There were 7240 preterm or medically indicated inductions. (Appendix 2) The AUC in the external validation cohort using the same predictors was 0.73 (95% CI 0.71–0.74), with sensitivity = 68% and specificity = 65% using the same predicted probability cutoff of 0.250 as in the evaluation of the development model (Table A3, Figure A2, Figure A4).

Conclusions

We developed and validated a model to predict the risk of cesarean delivery after term inductions without documented medical indication (AUC >0.8) based on maternal characteristics, chronic conditions, and pregnancy complications that would be known in the days and weeks leading up to a labor induction. A predicted probability threshold of ≥7.8% had 85% sensitivity and 70% specificity in predicting cesarean delivery. Even with suboptimal prediction for the aggregate of all women, the model appears to be useful at identifying women with very low or very high risk of cesarean delivery.

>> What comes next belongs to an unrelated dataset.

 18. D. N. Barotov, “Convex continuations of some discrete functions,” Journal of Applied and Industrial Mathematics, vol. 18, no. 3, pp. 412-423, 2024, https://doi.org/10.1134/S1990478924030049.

The proposed prediction model is valuable, because it can be applied when a decision regarding induction is still being considered and has not yet been made, that is, it is not limited to characteristics that only become available during or immediately before labor. Previous models that have incorporated only measures of cervical readiness reported AUC values 0.39–0.72.^3,9

–12 Prediction models that included both measures of cervical readiness and maternal characteristics reported AUC values 0.69–0.83.^16,17,19,20 Our model with AUC of 0.82 has better predictive ability than most previous models and does not require cervical assessment at the time of labor induction. Further, our model was developed from deliveries at 14 hospitals geographically distributed across the United States, so the results should not be influenced by patterns of care specific to a certain hospital or provider.

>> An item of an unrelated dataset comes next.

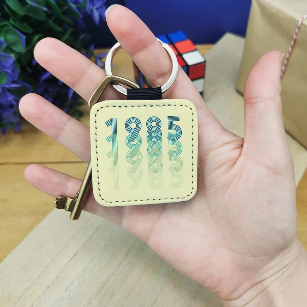 Voici une idée de cadeau : Le design de ce porte-clé en similicuir est parfait ! Avec ses dimensions de 5 x 5 cm et son poids léger de 12 gr, ce porte-clé est facilement transportable, il est parfait pour vos clés de maison ou de voiture. Son motif «1985» en bleu et beige est idéal pour la personne à qui vous l’offrez. La couleur noire à l’arrière assure une finition élégante. L’impression est réalisée dans notre atelier en France, pour un résultat de qualité. Le porte-clé est également équipé d’un anneau en métal pour attacher facilement aux clés.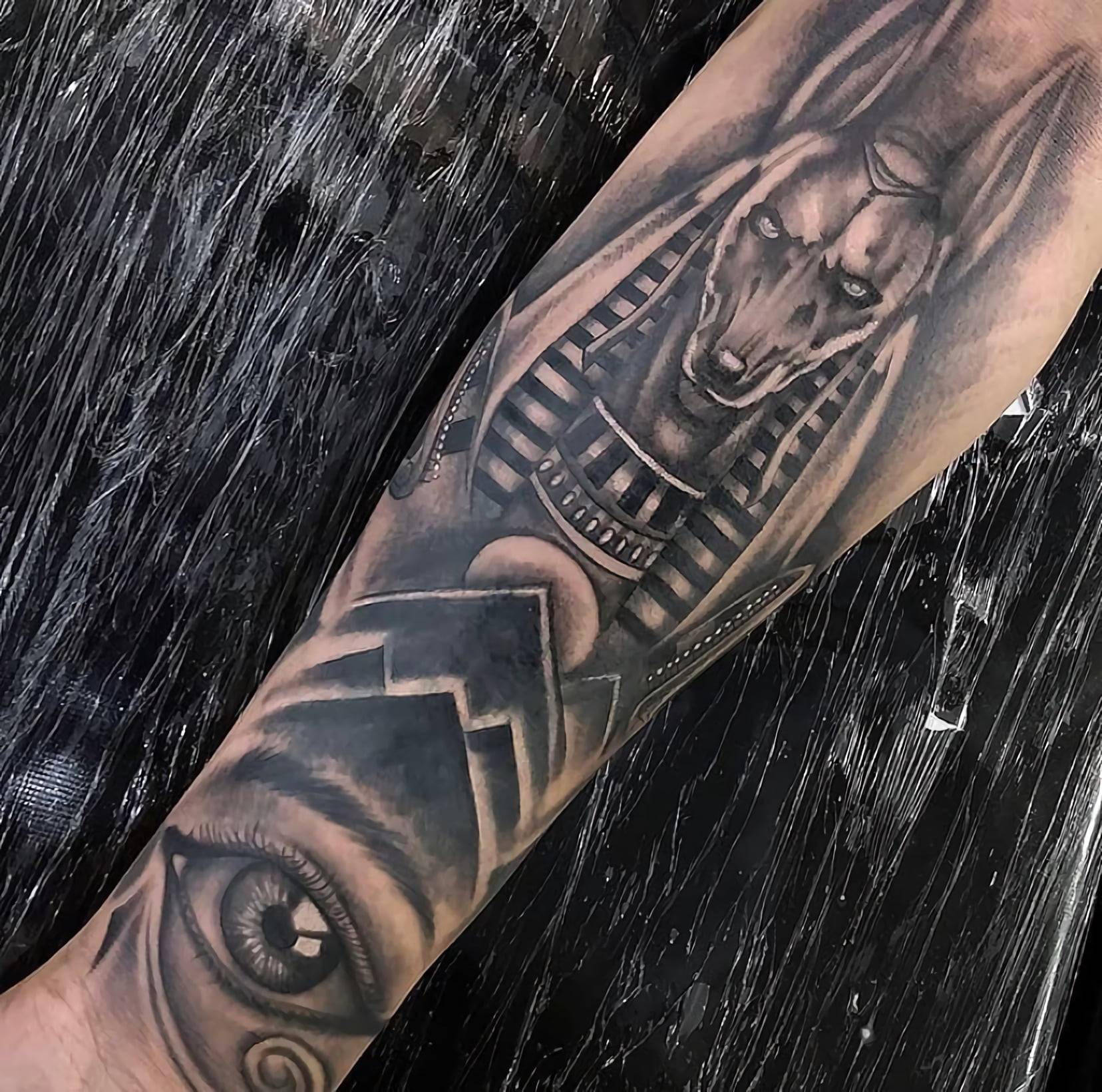 Если это продолжение рукава, то очень важно, чтобы стили рисунков сочетались. Этот момент мы подробно разобрали в статье «Тату рукав для мужчин»

The eight predictor variables in our model have been shown to have an influence on cesarean delivery risk, either in prior prediction models or in observational epidemiologic studies of cesarean delivery. Primiparity is an established risk factor for cesarean delivery.^2,4,17,20,35 Older maternal age has been found to increase the risk of cesarean delivery after labor induction.^2,3,19,35,36 Though we only had access to an ICD-9 code for obesity, maternal body mass index has been implicated as a risk factor for cesarean delivery after labor induction.^{1,3,4,17,19,20,35,37} The finding of increased risk of cesarean delivery after labor induction with increasing gestational age is also in agreement with prior studies.^19,20,36 Excessive fetal growth was a predictor in a prior model.²⁰ Cesarean deliveries also have been found to be more common among African Americans,^38,39 women with fibroids,⁴⁰ and those with herpes simplex virus.^38,41

The cesarean delivery rate in other studies of induced women ranged from 11%–13%^3,7 to 29%–30%.^9,17 The overall rate of cesarean delivery after labor induction in this study when the inductions with and without documented medical indications are combined is 18%. This is comparable to several other studies having rates of 17–22%.^10
–12,15 However, some of our initial exclusion criteria may have eliminated women with the highest risk for cesarean delivery after labor induction.

A limitation of this study is that maternal characteristics were based on discharge diagnoses, which could have issues with misclassification. First, we acknowledge a limitation with administrative data in that the recorded information is dependent on expert clinical opinion, appropriate documentation in the medical record, and institutional coding practices, subject to variation relative to the actual condition of the patient and not methodically assigned. Second, the exact timing of onset of the condition is unknown. We attempted to restrict our list of predictors to those that would be known at the time an induction is being scheduled; however, it is possible that in some women, the conditions considered for the model were not diagnosed until the delivery hospitalization.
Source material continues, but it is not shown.